## DIRECTIONS
Using the material below, print a verbatim copy of every line from the one containing "- Material - Made" through the one containing "Safety Model Operations", inclusive, and omit the pictures.

## INFORMATION SUPPLIED
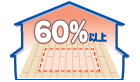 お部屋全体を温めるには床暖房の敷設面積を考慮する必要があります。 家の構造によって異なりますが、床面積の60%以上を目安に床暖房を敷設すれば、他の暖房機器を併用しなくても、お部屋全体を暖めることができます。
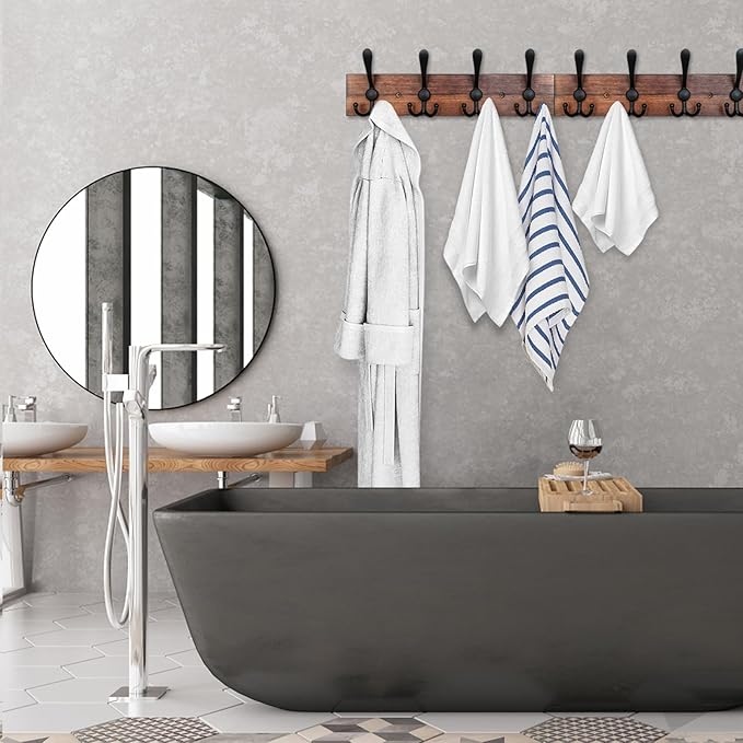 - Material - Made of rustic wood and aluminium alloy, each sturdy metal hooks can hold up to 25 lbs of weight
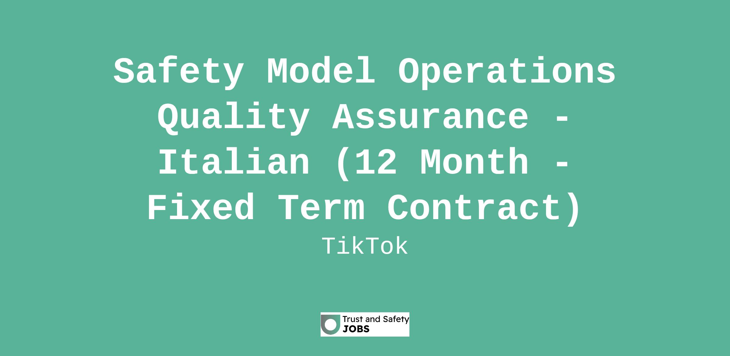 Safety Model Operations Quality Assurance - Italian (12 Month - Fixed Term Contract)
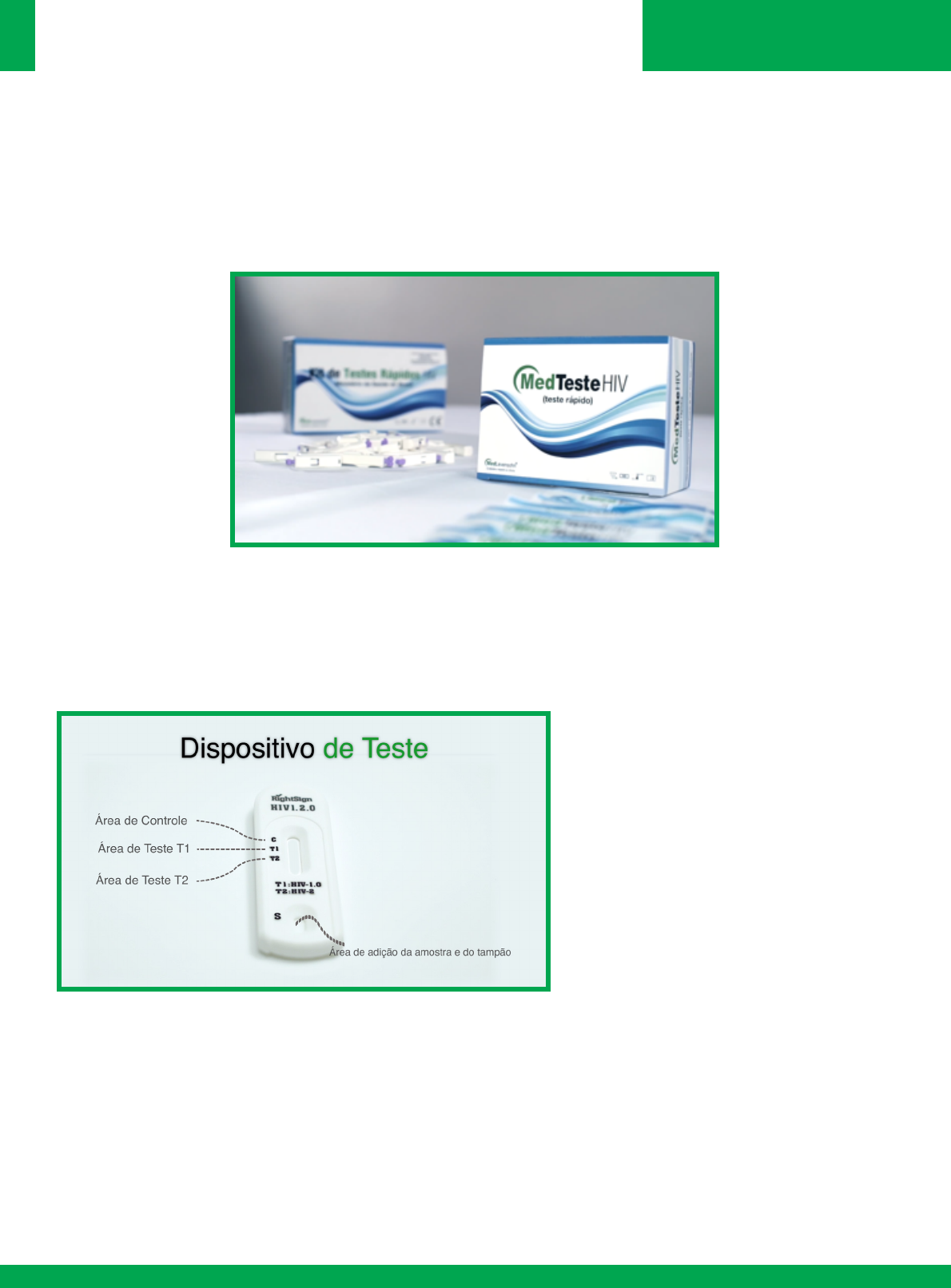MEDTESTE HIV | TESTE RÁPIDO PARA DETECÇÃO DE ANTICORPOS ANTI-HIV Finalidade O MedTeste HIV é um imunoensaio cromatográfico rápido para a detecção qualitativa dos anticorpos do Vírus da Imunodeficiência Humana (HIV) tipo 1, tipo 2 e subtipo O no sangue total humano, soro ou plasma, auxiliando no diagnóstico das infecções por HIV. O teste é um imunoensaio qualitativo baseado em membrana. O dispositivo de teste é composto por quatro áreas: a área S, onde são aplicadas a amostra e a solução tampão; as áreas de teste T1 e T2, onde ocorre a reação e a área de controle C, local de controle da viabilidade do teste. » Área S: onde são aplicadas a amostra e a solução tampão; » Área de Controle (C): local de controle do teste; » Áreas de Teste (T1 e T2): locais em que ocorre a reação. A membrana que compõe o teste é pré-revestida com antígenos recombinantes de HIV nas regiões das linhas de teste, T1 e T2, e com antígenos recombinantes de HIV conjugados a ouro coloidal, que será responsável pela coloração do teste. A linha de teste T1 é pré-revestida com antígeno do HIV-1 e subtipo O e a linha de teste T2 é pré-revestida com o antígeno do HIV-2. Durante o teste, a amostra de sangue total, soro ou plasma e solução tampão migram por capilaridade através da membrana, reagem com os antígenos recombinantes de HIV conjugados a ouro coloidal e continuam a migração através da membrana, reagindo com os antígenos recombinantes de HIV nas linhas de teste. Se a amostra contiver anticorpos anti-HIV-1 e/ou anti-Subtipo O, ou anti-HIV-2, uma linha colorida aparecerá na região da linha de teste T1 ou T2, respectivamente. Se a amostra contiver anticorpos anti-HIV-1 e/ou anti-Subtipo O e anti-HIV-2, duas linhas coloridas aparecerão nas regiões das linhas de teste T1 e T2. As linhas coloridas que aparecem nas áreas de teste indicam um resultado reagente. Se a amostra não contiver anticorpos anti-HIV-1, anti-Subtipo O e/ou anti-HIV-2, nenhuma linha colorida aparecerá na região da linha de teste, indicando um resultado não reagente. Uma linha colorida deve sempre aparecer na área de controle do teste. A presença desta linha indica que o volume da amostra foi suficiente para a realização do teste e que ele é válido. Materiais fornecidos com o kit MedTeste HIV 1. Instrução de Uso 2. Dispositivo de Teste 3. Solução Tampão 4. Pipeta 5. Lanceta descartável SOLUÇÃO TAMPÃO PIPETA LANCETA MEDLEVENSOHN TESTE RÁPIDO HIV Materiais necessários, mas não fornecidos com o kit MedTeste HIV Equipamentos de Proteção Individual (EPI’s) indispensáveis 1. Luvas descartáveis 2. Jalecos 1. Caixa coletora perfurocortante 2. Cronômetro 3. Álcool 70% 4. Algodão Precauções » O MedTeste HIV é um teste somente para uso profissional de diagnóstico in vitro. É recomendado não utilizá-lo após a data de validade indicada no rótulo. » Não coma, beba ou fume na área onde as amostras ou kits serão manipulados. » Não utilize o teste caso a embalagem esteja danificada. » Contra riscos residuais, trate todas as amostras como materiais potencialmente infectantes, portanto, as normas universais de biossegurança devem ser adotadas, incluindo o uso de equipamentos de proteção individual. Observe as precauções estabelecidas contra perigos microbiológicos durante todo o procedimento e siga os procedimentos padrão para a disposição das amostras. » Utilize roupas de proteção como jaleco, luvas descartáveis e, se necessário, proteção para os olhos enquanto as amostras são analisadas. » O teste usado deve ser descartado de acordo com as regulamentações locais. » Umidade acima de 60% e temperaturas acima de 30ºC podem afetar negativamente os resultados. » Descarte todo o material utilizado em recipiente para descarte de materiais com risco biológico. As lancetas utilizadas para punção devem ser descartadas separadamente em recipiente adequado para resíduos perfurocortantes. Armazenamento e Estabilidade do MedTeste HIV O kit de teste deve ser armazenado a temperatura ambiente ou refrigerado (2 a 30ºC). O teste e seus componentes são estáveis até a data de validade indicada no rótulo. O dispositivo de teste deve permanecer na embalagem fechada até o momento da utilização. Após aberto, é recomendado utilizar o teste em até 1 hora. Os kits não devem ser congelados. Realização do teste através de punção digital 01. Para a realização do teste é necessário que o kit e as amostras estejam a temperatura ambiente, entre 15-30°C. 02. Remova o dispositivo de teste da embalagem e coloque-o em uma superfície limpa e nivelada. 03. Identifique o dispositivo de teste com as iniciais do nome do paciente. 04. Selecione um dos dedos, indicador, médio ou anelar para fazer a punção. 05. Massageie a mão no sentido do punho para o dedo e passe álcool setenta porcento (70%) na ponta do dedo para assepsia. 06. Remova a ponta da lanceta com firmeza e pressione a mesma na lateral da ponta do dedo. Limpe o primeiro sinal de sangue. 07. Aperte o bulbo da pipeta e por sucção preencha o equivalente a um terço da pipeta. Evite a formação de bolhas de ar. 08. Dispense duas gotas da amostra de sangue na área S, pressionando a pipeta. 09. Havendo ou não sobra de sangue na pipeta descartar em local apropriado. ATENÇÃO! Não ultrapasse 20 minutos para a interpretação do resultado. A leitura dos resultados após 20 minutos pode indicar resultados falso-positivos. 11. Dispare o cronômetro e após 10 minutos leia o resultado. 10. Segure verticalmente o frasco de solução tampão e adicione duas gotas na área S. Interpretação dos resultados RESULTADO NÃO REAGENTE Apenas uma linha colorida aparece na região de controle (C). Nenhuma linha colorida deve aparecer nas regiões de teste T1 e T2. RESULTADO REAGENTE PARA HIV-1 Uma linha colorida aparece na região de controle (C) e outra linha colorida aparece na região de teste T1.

## ANSWER TO THE EXERCISE
 - Material - Made of rustic wood and aluminium alloy, each sturdy metal hooks can hold up to 25 lbs of weight
 Safety Model Operations Quality Assurance - Italian (12 Month - Fixed Term Contract)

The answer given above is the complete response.